Конкурентно-индивидуалистическая концепция диктует подход к человеку как к единице анализа с заранее заданными поведенческими параметрами. Именно этим обеспечивается математическое совершенство неоклассических моделей и полное их равнодушие к гуманистическому контексту. Абстрактность и внеисторичность этого принципа совершенно исключает возможность отражения эволюционных процессов, как на микро-, так и на макроуровне.
Если справедлива оценка состояния современной экономической науки как кризисного, то важнейшим его признаком является как раз индифферентность неоклассики и тяготеющих к ней концепций к эволюционным процессам. Проблема заключается в том, что традиционная, статическая по сути, модель экономической системы, пригодная для условий XIX - начала ХХ вв., вошла в противоречие с динамикой современного общества, демонстрирующего такую скорость и противоречивость технологических и социально-экономических изменений, которые совершенно несопоставимы с неторопливой эволюцией предшествующих стадий развития. Кооперативные эффекты глобальной экономики, проявляющиеся в перманентной и массовой инновационной активности, прогрессирующем усложнении экономических структур, нарастании неопределенности и противостоящей ей многоуровневой институционализации национального и мирового хозяйства, не поддаются объяснению с конкурентно-индивидуалистических позиций, игнорирующих фундаментальную роль сотрудничества в хозяйственной эволюции общества.
Однако проблему гуманистичности экономической науки следует рассматривать и в гносеологическом контексте.
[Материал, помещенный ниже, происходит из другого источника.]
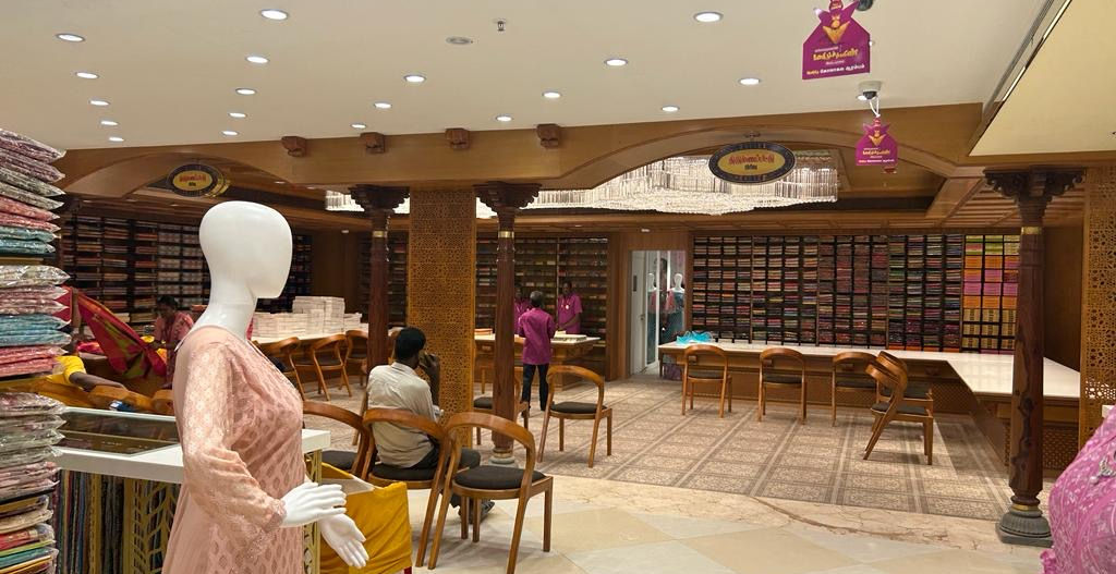 The project features unique color combinations and designs on each floor. Within the main entrance lobby, a stunning Design + Poster display is situated at a double-height ceiling, capturing the attention of all who enter. Each floor ceiling showcases a refined design, embellished with recessed lighting and decorative elements that evoke a warm and inviting atmosphere. Within the store's central area, customers will discover tables adorned with an array of fabrics, providing a tactile shopping experience. The store's decor exudes sophistication, featuring a well-coordinated color scheme that perfectly complements the merchandise. The tiled floor adds to the overall ambiance, emphasizing the store's commitment to delivering a delightful shopping experience for those seeking premium textiles

Теоретико-экономическое освоение принципа гуманизма есть водораздел, отделяющий фундаментальную теорию от функционально-прикладных отраслей экономического знания, в том числе от неоклассики и ее институциональных приложений. Вообще граница между фундаментальной и прикладной теорией подвижна, - и не только логически (условность разграничения фундаментального и прикладного знания в каждый данный момент), но и исторически. Одним из важнейших критериев разграничения является степень абстрагирования от личностного начала в экономических процессах.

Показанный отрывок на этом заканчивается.